---- MATERIAL PROVIDED
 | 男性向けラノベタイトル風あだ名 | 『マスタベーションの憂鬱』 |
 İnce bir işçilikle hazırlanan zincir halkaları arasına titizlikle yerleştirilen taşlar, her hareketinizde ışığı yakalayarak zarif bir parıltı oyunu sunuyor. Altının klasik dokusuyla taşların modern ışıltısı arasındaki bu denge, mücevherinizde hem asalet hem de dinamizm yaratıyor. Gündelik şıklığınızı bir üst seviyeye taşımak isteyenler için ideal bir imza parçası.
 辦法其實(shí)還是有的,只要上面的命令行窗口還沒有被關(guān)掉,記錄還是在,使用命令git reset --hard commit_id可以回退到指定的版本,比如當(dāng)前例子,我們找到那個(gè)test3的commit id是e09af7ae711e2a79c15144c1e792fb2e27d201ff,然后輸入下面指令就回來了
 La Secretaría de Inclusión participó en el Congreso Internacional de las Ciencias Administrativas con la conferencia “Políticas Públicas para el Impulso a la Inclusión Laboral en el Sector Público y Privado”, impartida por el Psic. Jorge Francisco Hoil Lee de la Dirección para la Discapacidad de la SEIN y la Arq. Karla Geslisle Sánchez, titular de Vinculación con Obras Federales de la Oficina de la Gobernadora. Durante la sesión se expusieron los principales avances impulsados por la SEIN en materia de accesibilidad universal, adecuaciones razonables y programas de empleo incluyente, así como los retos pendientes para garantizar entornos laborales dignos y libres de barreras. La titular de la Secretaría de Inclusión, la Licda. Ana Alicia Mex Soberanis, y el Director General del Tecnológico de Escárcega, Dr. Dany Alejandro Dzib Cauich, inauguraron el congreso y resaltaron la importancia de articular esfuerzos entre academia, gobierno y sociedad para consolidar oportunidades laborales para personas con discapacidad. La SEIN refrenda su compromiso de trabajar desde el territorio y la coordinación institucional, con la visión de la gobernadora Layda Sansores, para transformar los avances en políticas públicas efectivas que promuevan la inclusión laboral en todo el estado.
--------
---- MATERIAL PROVIDED
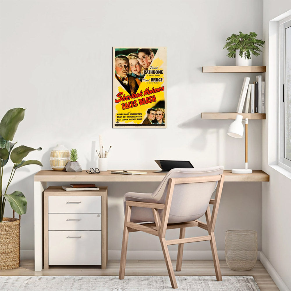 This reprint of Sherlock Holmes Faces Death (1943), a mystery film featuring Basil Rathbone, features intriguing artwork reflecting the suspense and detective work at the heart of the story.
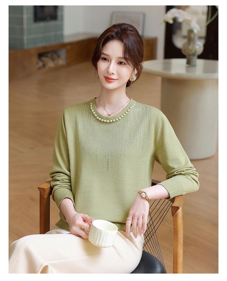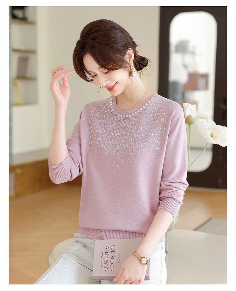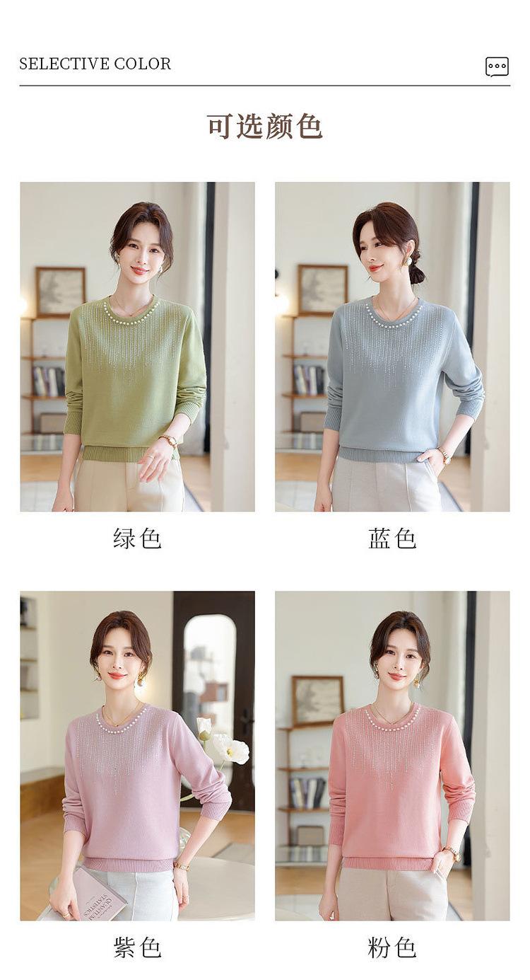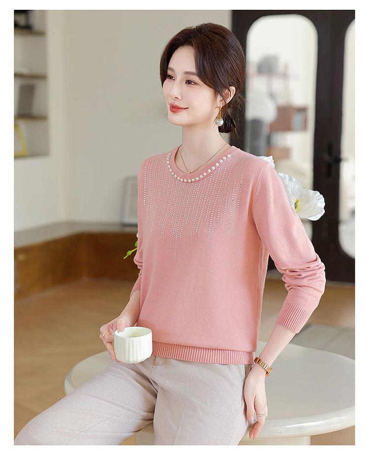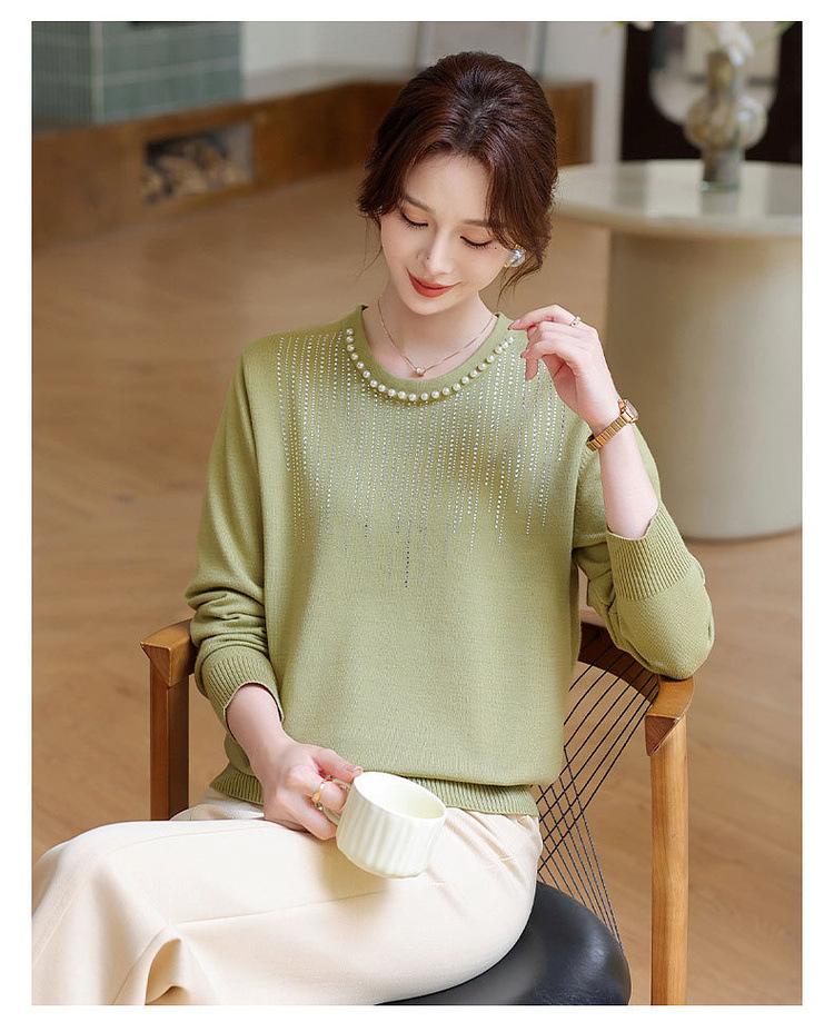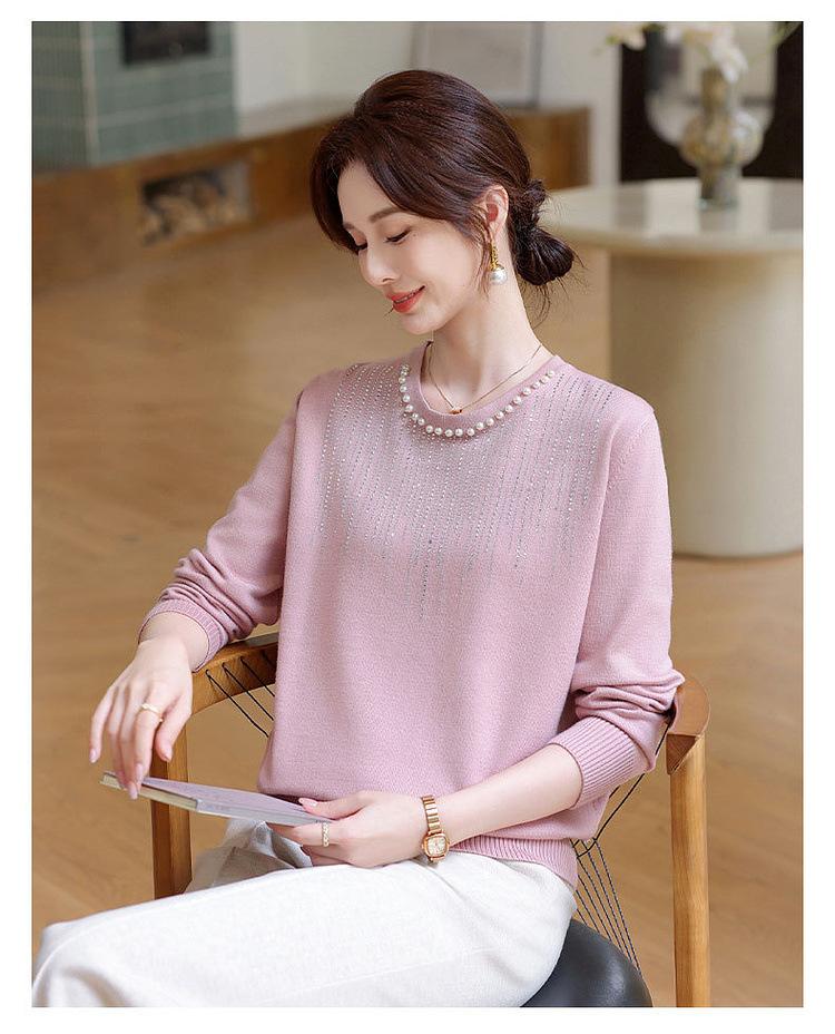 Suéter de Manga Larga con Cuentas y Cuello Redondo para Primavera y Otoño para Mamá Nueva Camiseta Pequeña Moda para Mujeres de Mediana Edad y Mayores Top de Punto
--------
---- MATERIAL PROVIDED
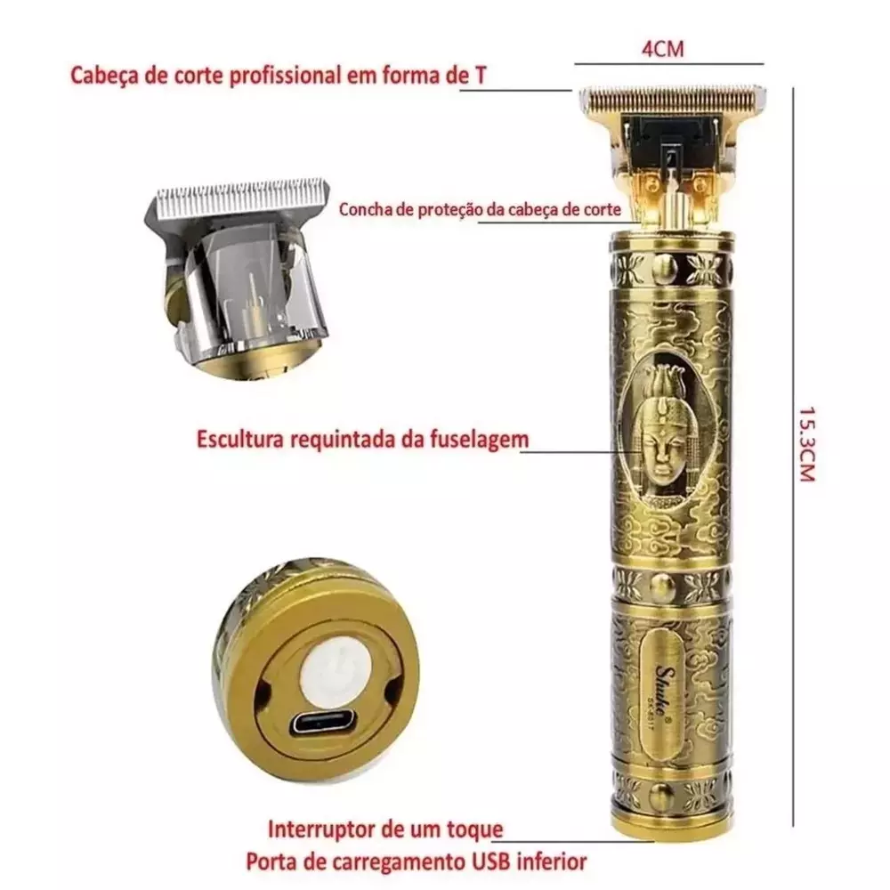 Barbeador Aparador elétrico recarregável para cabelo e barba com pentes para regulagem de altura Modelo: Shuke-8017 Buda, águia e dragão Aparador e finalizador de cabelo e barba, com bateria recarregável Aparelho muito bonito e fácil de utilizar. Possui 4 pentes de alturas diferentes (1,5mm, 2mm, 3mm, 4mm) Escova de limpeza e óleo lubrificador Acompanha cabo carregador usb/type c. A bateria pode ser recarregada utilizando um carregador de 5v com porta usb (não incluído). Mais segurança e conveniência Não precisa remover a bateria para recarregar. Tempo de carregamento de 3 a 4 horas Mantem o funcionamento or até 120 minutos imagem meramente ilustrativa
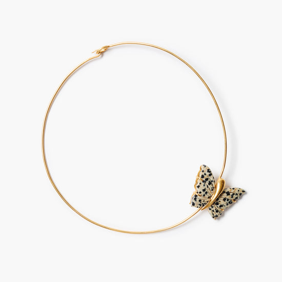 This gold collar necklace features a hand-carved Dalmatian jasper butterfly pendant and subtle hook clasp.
--------
Reproduce the entries exactly, from the line with "This reprint of" to the line with "Suéter de Manga", both lines included, keeping no pictures.

 This reprint of Sherlock Holmes Faces Death (1943), a mystery film featuring Basil Rathbone, features intriguing artwork reflecting the suspense and detective work at the heart of the story.
 Suéter de Manga Larga con Cuentas y Cuello Redondo para Primavera y Otoño para Mamá Nueva Camiseta Pequeña Moda para Mujeres de Mediana Edad y Mayores Top de Punto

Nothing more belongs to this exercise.